International Concrete Abstracts Portal

SP112 Nondestructive Testing of Concrete has been especially prepared to present, examine, and promote the use of nondestructive testing techniques in concrete construction. Providing the latest information on the development and applications of nondestructive testing techniques, this collection of 11 papers will be of interest to anyone working in the field of concrete.

Presents a comparison of 28 day concrete strength as measured by field probe penetration tests and standard laboratory cylinders. Over a period of 11 months, 318 matched sets of tests were performed on 4000-psi concrete at four major projects. Primary field variables include the project location, operators, test guns, and the element type on which the field tests were made. Corrections to account for temperature variations are considered. Results include statistical analysis of the effects of test parameters and the correlation between field and laboratory results. Based on standard statistical tests, it is concluded that the variability of field probe results is similar to that of the corresponding laboratory cylinder tests. Results did not depend significantly on operators or the particular equipment used. However, results did depend significantly on the type of structural element tested and on the range setting of the firing gun. It is concluded that the calibration charts provided with the equipment should be reviewed.

Pullout testing and maturity have practical construction applications. Maturity is used to determine curing duration. The pullout test is used to determine in-place strength and to verify the adequacy of cure. Personal computers with spreadsheet software are tools that can benefit concrete construction. Templates developed using spreadsheet software can be used to acquire and analyze relationships between in-place strength and compressive strength, and maturity. Experimental investigations using pullout testing and maturity were undertaken and are reported using graphic features of spreadsheet software. The results of these experimental investigations show that curing environment can affect in-place strength relationships. Also, the results show that top to bottom strength differences can exist and should be considered when determining in-place strength. The results obtained using the compressible disk pullout assemblies indicate that this test method can be used to determine in-place strength without formwork removal, and the method should be further researched.

Presents an investigation to determine the within-test variability of various nondestructive test methods (NDT) and the correlation between NDT test results and the corresponding compressive strength of cores. The size effects of coarse aggregate on the variability and correlation were also evaluated. The NDT test methods evaluated in the test series include rebound hammer, pulse velocity, probe penetration, pullout, and CAPO (cut and pullout). Companion tests of field-cured standard cylinders and cores were also made at the ages when the NDT tests were made.
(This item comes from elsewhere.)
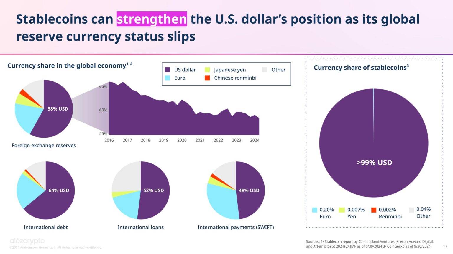稳定币作为目前最受欢迎的加密产品之一,是政策讨论的热点话题,已有多项相关法案在美国国会中讨论。在美国,推动这一讨论的因素之一是认识到稳定币可以在美元全球储备货币地位下降的情况下,仍然加强美元在国际上的影响力。目前,超过 99% 的稳定币是以美元计价的,这远远超过了第二大计价货币:欧元,仅占 0.20%。

Results show that the within-test variability of the in situ tests reported (except the pulse velocity test) is two to five times higher than that of the corresponding standard compression test and is affected significantly by the amount of coarse aggregate and its size. There is a good relationship between the results of in situ tests and the compressive strength. In general, the highest degree of correlation is for the pullout test followed by that for the CAPO (cut and pullout) test and rebound test, probe penetration test, and pulse velocity test.

Aim is to analyze the correlations between several nondestructive measured values (ultrasonic velocity and attenuation, rebound number) and the compressive strength of concrete. A computational program performs a step-by-step analysis. First, isolated linear correlations are established for each one of the three nondestructive tests. Then the results are compared with each other in the sense of a general multiple correlation of the values. Since the results obtained from the nondestructive tests are equally scattered, the program determines interactively, in a second step, the multiple coefficients of correlation and restarts the analysis several times by tentatively disregarding the presumably bad experimental results. Since the measured values also comprise a large spectrum of magnitude, limits of validity of the assumed correlations are investigated concomitantly with the process of analysis. A last step is performed to identify a tendency of deviation of the single and multiple correlations from the basic linear ones.